Она перевела взгляд к противоположной стене… Игра там зашла довольно далеко, и все со смехом и любопытством смотрели на них. Гарри додумался до своего рода ласкового поединка с маленькой «ласточкой». Он настаивал на обмене кольцами и, прижав колени девушки своими к стулу, увлеченно, как бешеный охотник, ловил ее руку, пытаясь взломать маленький, крепко сжатый кулачок. В конце концов он одержал победу.
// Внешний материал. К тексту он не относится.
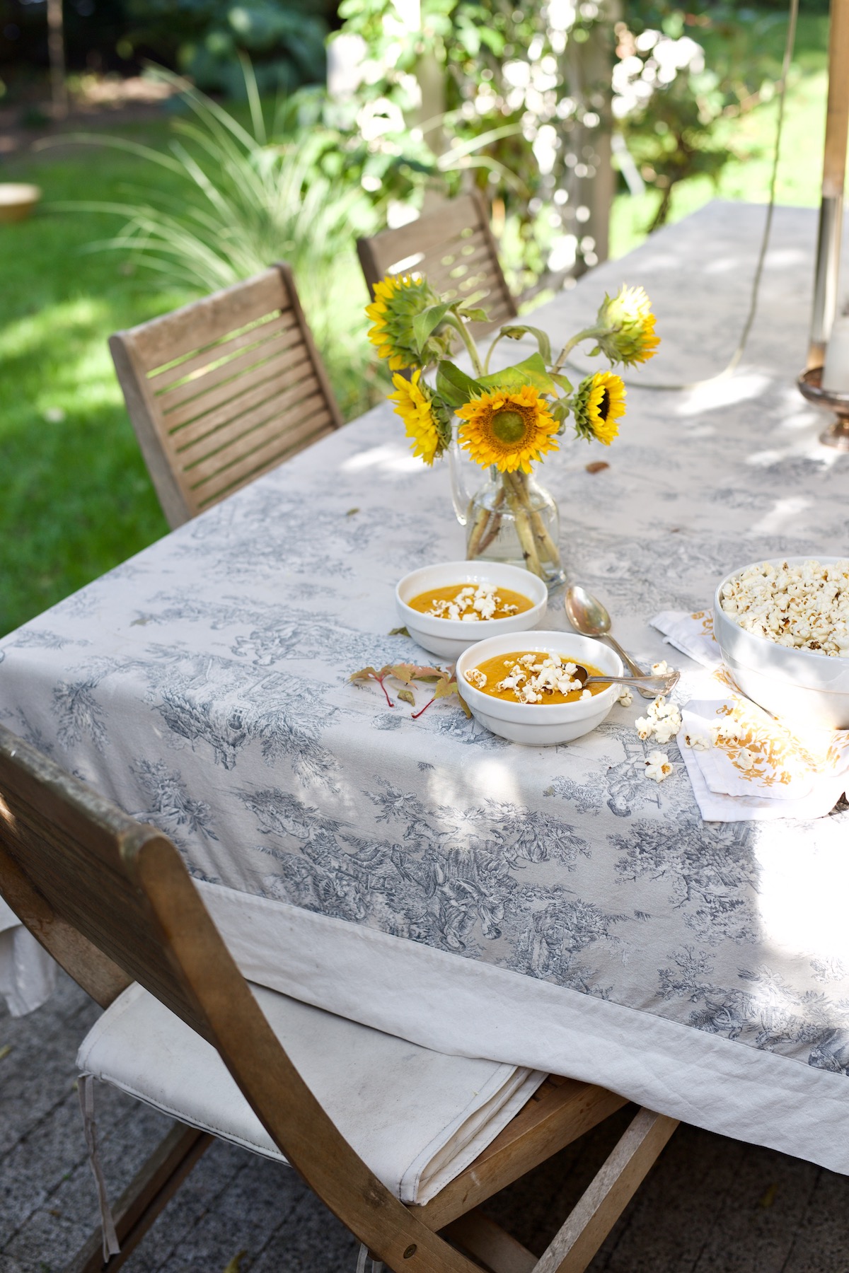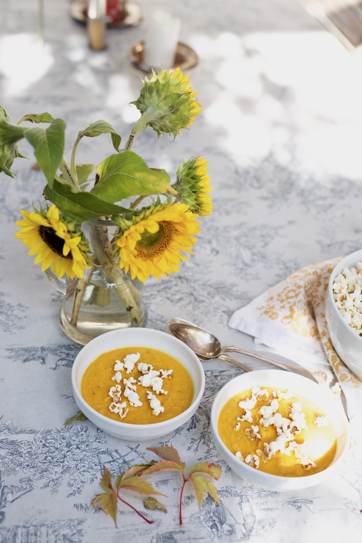 - Warzywa wyjmujemy z piekarnika, czekamy aż ostygną i przekładamy do żeliwnego garnka. Zalewamy wodą, doprowadzamy do wrzenia i gotujemy 10 minut, do uwolnienia się smaków. Odstawiamy z ognia i dodajemy masło, sok pomarańczowy i jogurt. Całość blendujemy partiami. Doprawiamy gałką muszkatołową, solą i pieprzem. Krem podajemy z popcornem.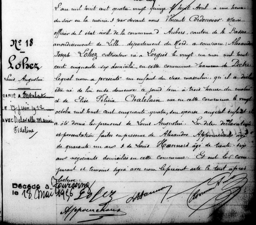 Effectivement, en date du 8 avril 1895, je retrouve l’acte de naissance n° 18 de Louis Augustin LOHEZ, né le jour même à 3 heures du matin. La déclaration est faite par son père, Alexandre Joseph LOHEZ, cultivateur, né le 21 mai 1856 à Lorgies (Pas-de-Calais). Et sa mère est Elise Félicia CHATELAIN, né le 20 octobre 1854 à Aubers.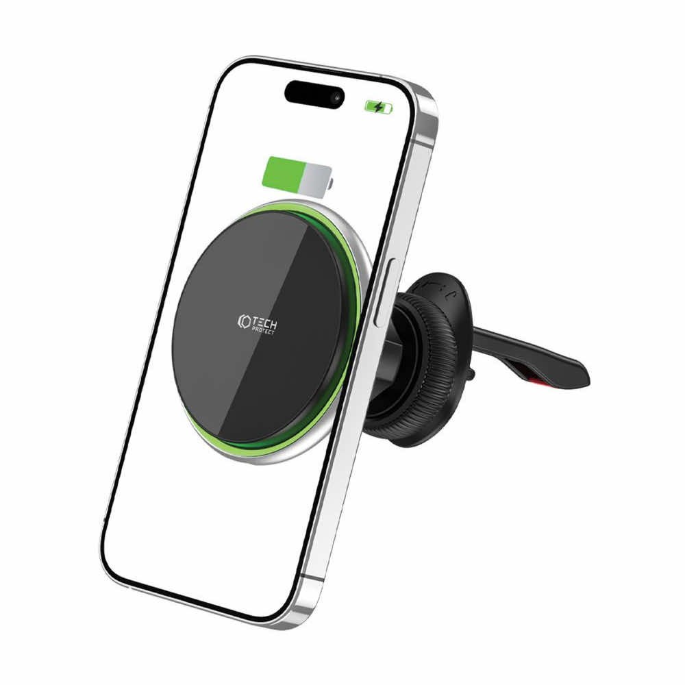 Магнитна поставка за радиатора на кола с безжично зареждане за iPhone с MagSafe - Tech-Protect MM15W-V3 MagSafe Air Vent Car Mount 15W (черен)
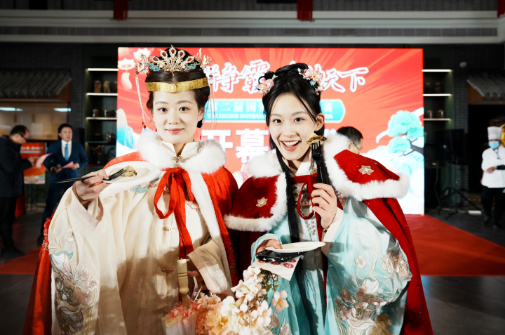 国际肉饼争霸赛现场,金陵十二钗“穿越”而来品尝肉饼。廊坊市委宣传部 供图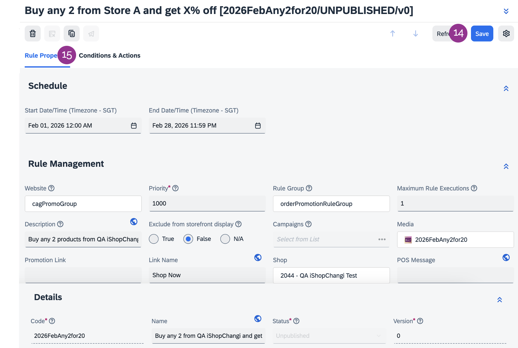 – Promotion Description (ZH) e.g., 于A店购买任意2件商品,可享X%折扣。活动截止至2026年2月28日。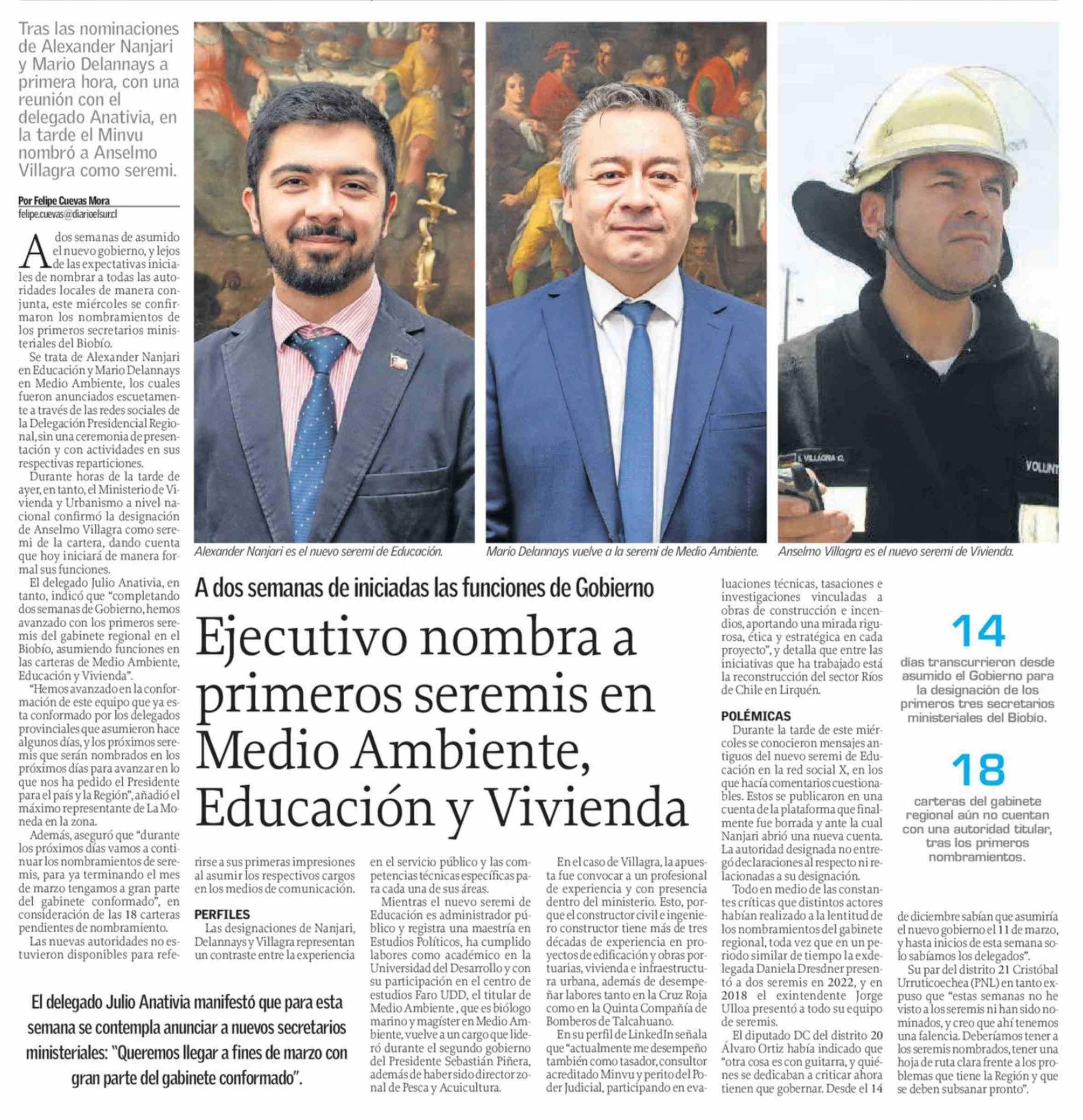 Ejecutivo nombra a primeros seremis en Medio Ambiente, Educación y Vivienda

Под громкие аплодисменты компании он с трудом стащил узенькое колечко в виде змейки и торжествующе насадил ей на палец собственное обручальное кольцо.
Тогда баронесса Анна встала. На нее навалились гнев и страдание, тоскливое стремление спрятаться со своим горем из-за любимого ничтожества в темноте, отчаянное желание наказать его скандалом, чем-нибудь привлечь его внимание. Побледнев, она отодвинула стул и по центру зала прошла к выходу.
Все переполошились, обменявшись посерьезневшими, протрезвевшими взглядами. Несколько мужчин громко окликнули Гарри по имени. Шум затих.
И тут произошло нечто совсем странное. А именно: «ласточка» самым решительным образом заняла сторону баронессы Анны. То ли в ее поступке сказался всеобщий женский инстинкт боли и страдающей любви, то ли из-за собственных терзаний по поводу авантажера с усталыми веками Эмми увидела в баронессе Анне союзницу — она повела себя, изумив всех.
— Вы подлый! — в воцарившейся тишине громко сказала она, оттолкнув ошеломленного барона Гарри.
Всего только эти два слова: «Вы подлый!» А потом сразу очутилась подле баронессы Анны, которая уже держалась за ручку двери.